Zach Braff's debut film as writer/director/star, about an actor coming home from L.A. to the ‘burbs of New Jersey after his mother passes away, is obviously semi-autobiographical and is thus rendered in loving strokes. The splashes of humour are dry and welcome, but sparse. I think much of the film is supposed to make you smile, and nothing more. The situations the characters find themselves in are mostly of the whacky – not of the funny. To paraphrase a friend of mine (not the guy at the local video store), describing his own style of stand-up: “it's light comedy - not cack-yourself comedy”.

This film ambles nicely along, but it is rather a forced, labored ambling. Writer/Director Zach Braff has created a film so intent on being a nice ambling arthouse picture that it cannot hide its pretentiousness.
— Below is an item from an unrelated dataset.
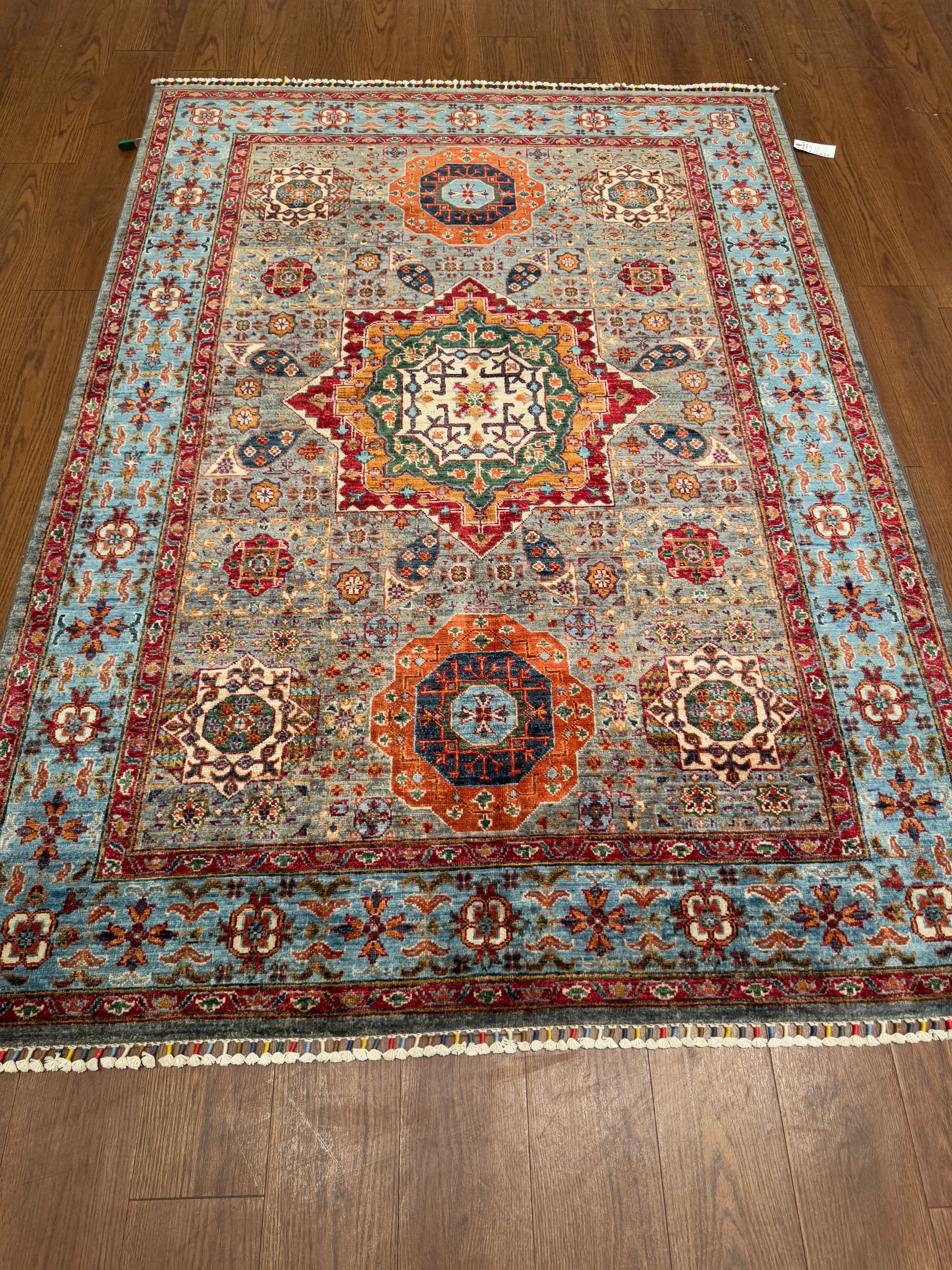 This handwoven Caucasian rug displays a captivating design centered around a large multi-colored medallion, framed by smaller octagonal medallions across a soft grey-blue field. The intricate border features sky-blue bands filled with stylized floral and geometric motifs, adding balance to its bold structure. With hues of red, orange, green, blue, and ivory, the rug radiates both vibrance and tradition, making it a statement piece for any room.

No real discernable plot, whimsical indie rock music and quirky characters - a “slice of life” type deal like you have (and obviously Braff has) seen many times before in indie flicks.

The performances, especially Braff, are purposely understated which makes me hesitate to either applaud or criticize them. I like Zach Braff. I'm getting heavily into Scrubs since its release on DVD and think he's something of a genuine talent, with great comic timing. Here he is turns himself down from the neurotic 11 he is in Scrubs , to more of a 2 or a 3. Still good, but good enough to carry a film on his own? I'll just leave that question hanging there, and you can decide if it was rhetorical or not.

Natalie Portman is certainly cute as ‘The Becky character', and it's great to see her trying to act again, as opposed to just standing around reciting lines like she did in the Star Wars prequels. What's that? What's this Becky character? Perhaps I should explain.

Ever since What's Eating Gilbert Grape , where Juliette Lewis played an off-beat life-loving spark of a girl that wakens Johnny Depp's Gilbert from his slumber through life, I have noticed that same certain character types pop-up occasionally in films such as this. The all-knowing “you've got to take risks in life” girl, who despite her own problems, helps the main character learn to love the craziness of life.

Same deal here.

In fact that's not the only similarity between the films. Gilbert Grape sleepwalks through life while Garden State 's heavily medicated Andrew Largeman is cocooned off from it. The film is also peppered with jokes about Largeman's biggest film role as a retarded high-school football player. “You're not actually retarded?”, Sam (Portman) asks him – which would have been the same question anyone who watched What's Eating Gilbert Grape would have asked Leonardo DiCaprio had they met him before he sank with that big boat in that little film, whatever it was called.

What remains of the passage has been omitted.